ニュシェは少し赤くなった顔でうつむいている。
カツン カツン カツン・・・
「!」
オレたちの会話が途切れたタイミングで、
上から階段を下りてくる足音がした。気配も感じる。
あの年老いた男・・・ではないはずだ。
おそらく、今、この村に残っているのは、
戦えない女子供たちだけだろう。
「・・・。」
オレたちは黙って、階段を見つめた。
やがて、ランプの明かりが見えて、
腰が曲がっている老婆が階段を下りてきた。
片手には、少し大きめの鍋を持って来ている。
「イルばぁ!」
シホが、そう言った。
「イルばぁ」と呼ばれた老婆は、たしか、
戦えない女子供たちとともに、ここへ避難してきて
村長に話しかけていた老婆だ。
「生贄様たち・・・
いや、もう、あんたたちは生贄じゃないんじゃったのぉ。
食事の時間じゃ。
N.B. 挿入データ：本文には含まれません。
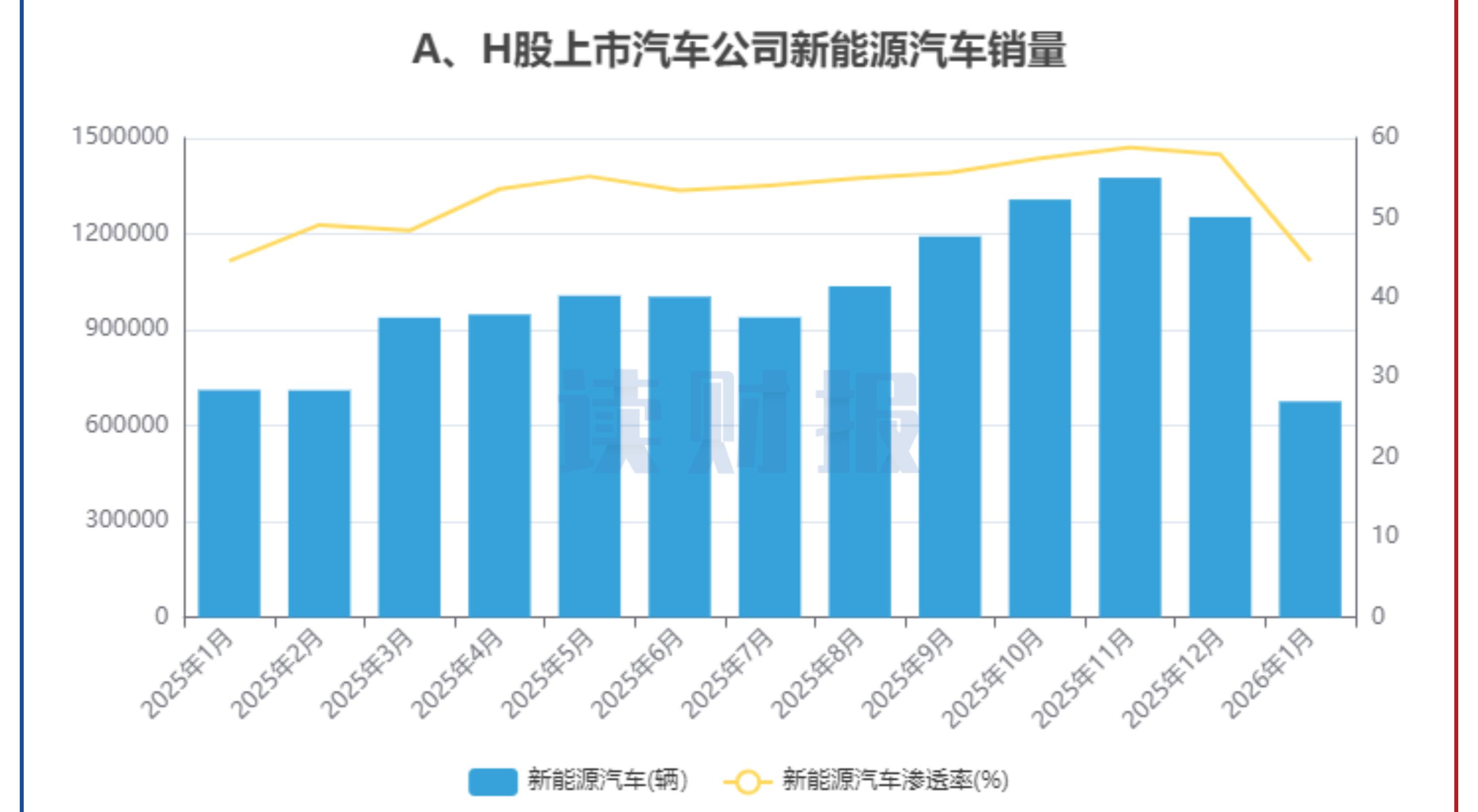 2026年1月,20家A、H股上市车企合计实现整车销量154.89万辆,同比下降4.61%,环比下降30.4%。

」
ゆっくり歩いて、オレたちがいる牢屋へ近づいてきた
老婆は、そう言った。
そして、鉄格子の前まで来ると、
ガチャガチャ・・・ガシャン・・・キィィィィ・・・
扉を解錠して、開けた。
「ありがとよ。」
この中で錠をしていないシホは、
そう言って、扉のそばへ近寄り、老婆から鍋を受け取った。
鍋の上に、数枚の器も乗っている。
「・・・ありがとうございます。」
「ありがと・・・。」
シホがお礼を言ったからか、
木下もニュシェも、老婆へお礼を述べ始めた。
オレとしては、囚われの身だから、
食事を持って来てくれたからと言って、お礼をする気になれない。